今回の損失は一過性ですので、来期以降は黒字に戻る見込みです。

2021 年9月に当社がバリオセキュア株式会社の株式を取得しておりますが、今回連結化を図る際に現状の市場株価をベースとした再評価を行ったことによるものであり、一過性のものとなります。

引用:2023 年4月期連結業績予想修正及び特別損失の計上に関するお知らせ

四季報の業績予想によると、来期(2024年4月期)の純利益は3億円となっています。

黒字化が実現すれば見直し買いのきっかけになりそうです。

さらに減損の可能性も

ただ、バリオセキュアの株価がさらに下落すれば、また減損損失が発生するでしょう。

正確には、株価1,150円(前回損失を計上した時点)あたりから50%下落すると減損になります。

したがって、バリオセキュアの株価が600円を割り込んだら危険信号です。

2023年11月時点では700円前後まで下がっています。

理由③ 成長見通しが不透明

具体的な成長戦略が無い

HEROZは今後の成長戦略が不透明です。

そのため、成長を期待した買いが入りにくくなっています。

一応、「中長期的な成長戦略」としてBtoBのAIサービスを伸ばすのが大枠ですが、具体策が見えていません。

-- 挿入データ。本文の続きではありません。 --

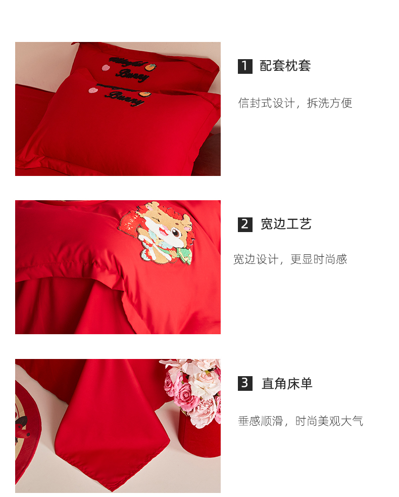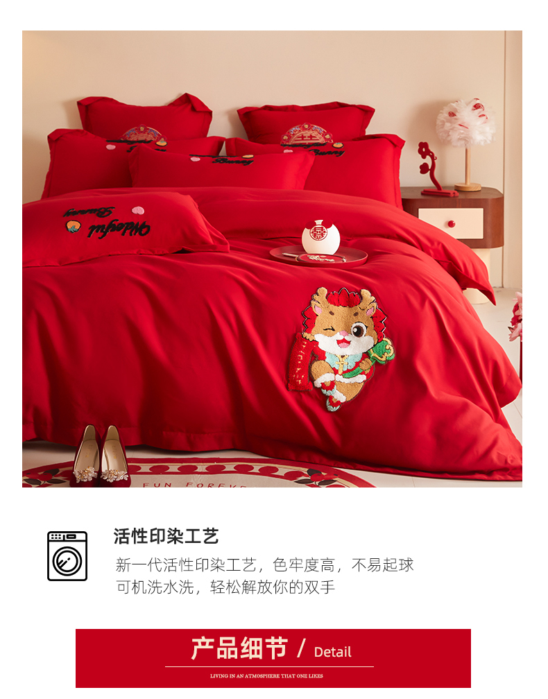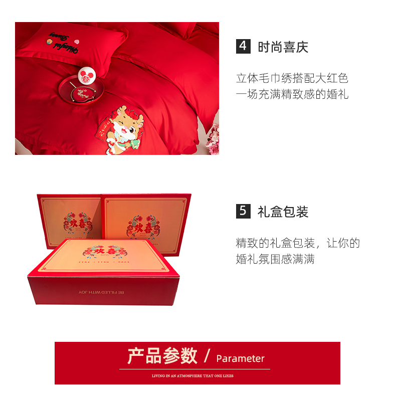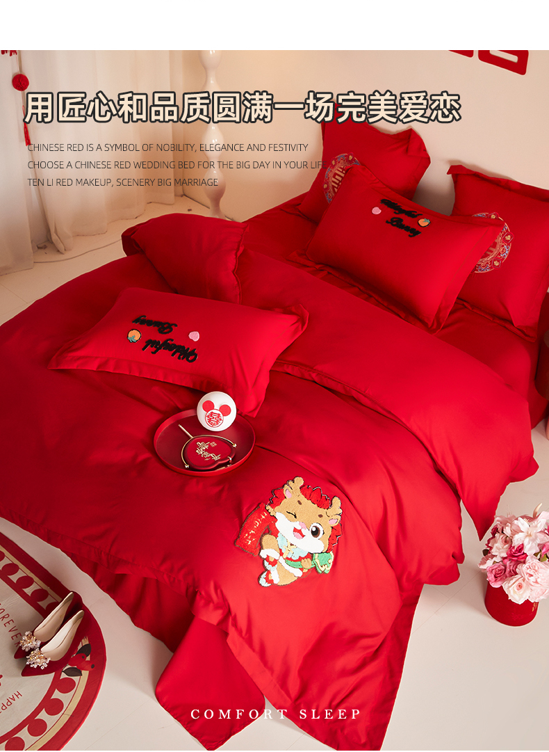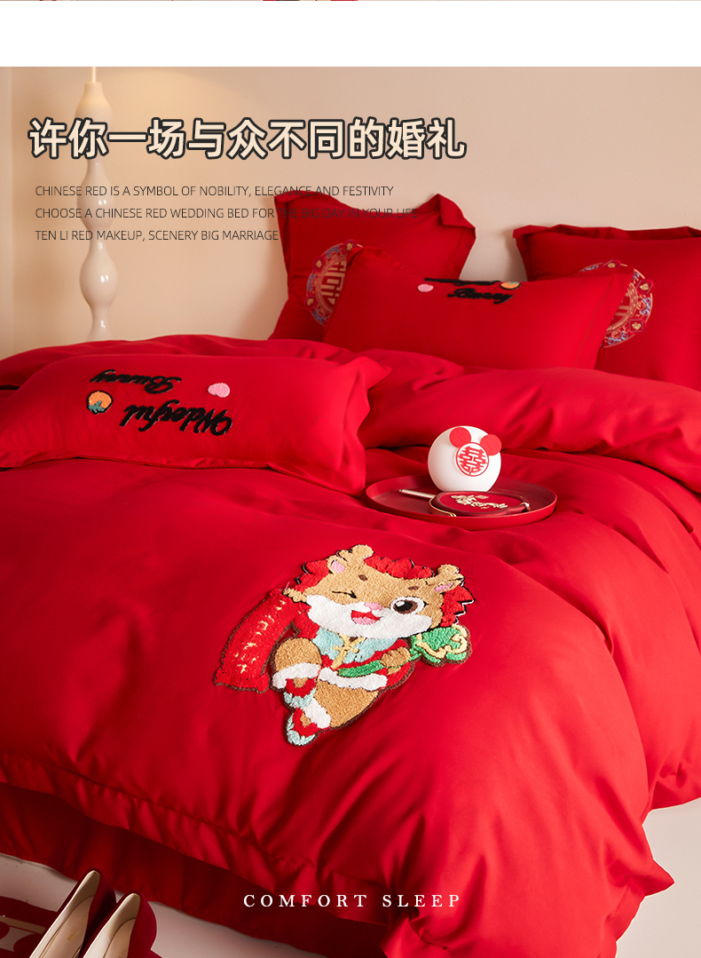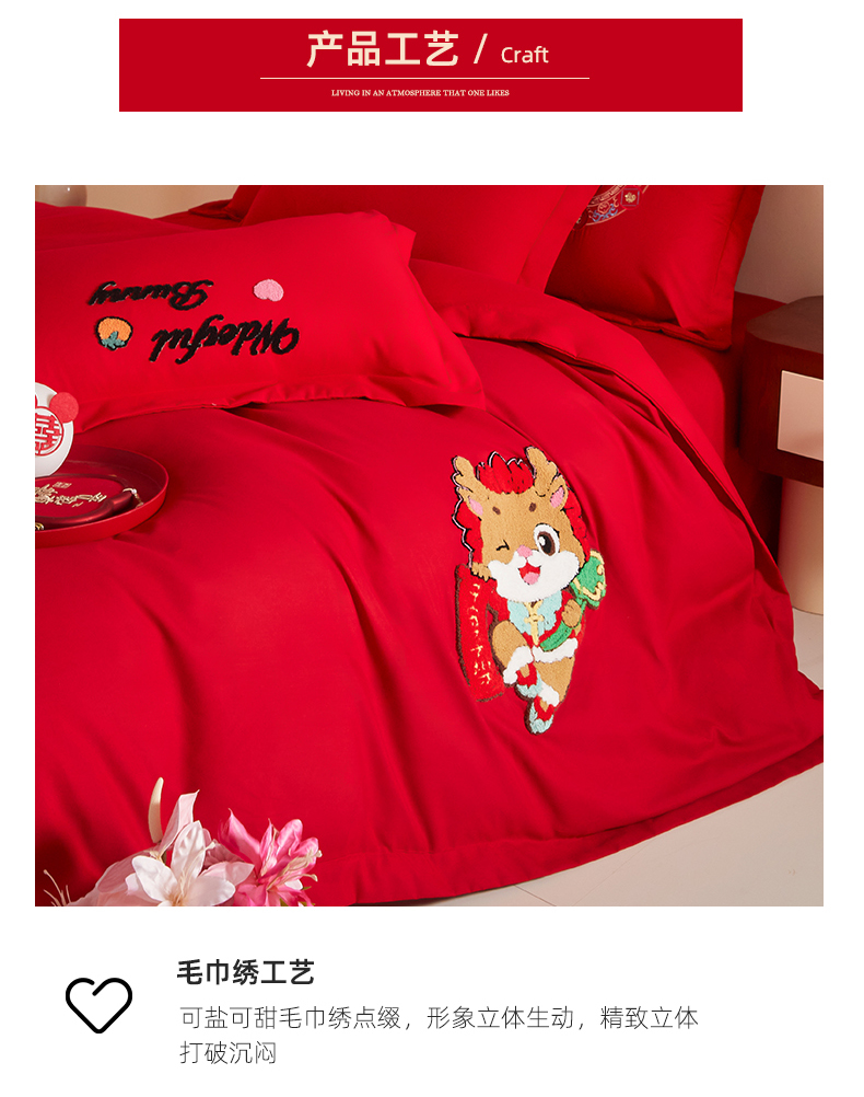 当前位置: 91家纺网 > 商品网购 > 床品套件 > 四件套 > 婚庆四件套 > 玉雅家纺 2025新款中式复古红黑格调刺绣婚庆四件套 婚庆毛巾绣-其乐龍龍

成長イメージのみで、具体的な戦略が見えてこない。出典:2022年4月期通期決算説明資料

今後の業績予想

参考までに、四季報の業績予想を紹介しておきます。

以下、2025年4月期までの業績予想です。

決算期売上高営業利益1株利益
2023/0429.8億円2.57億円-38円
2024/0448億円4億円2円
2025/0451億円4.2億円3.3円

赤字からは脱するものの、営業利益は10億円未満で低迷します。

また、1株利益については数円しかありません。

株価指標は超割高に

1株利益が数円しかないので、PERは再び数百倍に跳ね上がりました。

また、PBRについても4倍超まで上がっています。

HEROZの株価指標
  • 予想PER・・・840倍(対2024年4月期業績予想)
  • 実績PBR・・・4.31倍

840倍という数値に意味は無く、PER面では評価不能です。

2025年4月期ベースでも数百倍になってしまいます。

PBR4倍というのは割高感こそありませんが、業績が低迷している今、PBRを根拠に買うのは難しいところです。

まとめ

HEROZの株価が上がらない理由について解説しました。

2018年の上場当時はAI関連が注目され、HEROZにも投資家が殺到しました。

しかし、最近は緩和マネーも撤収し、注目度だけで上がっていた銘柄は厳しい状況です。

HEROZも実績が伴わず株価は10分の1以下になってしまいました。

ただ、成長戦略に実現性が伴ってくれば、今の株価は割安になるでしょう。

その時に備えて少量保有しておくのはアリのように思います。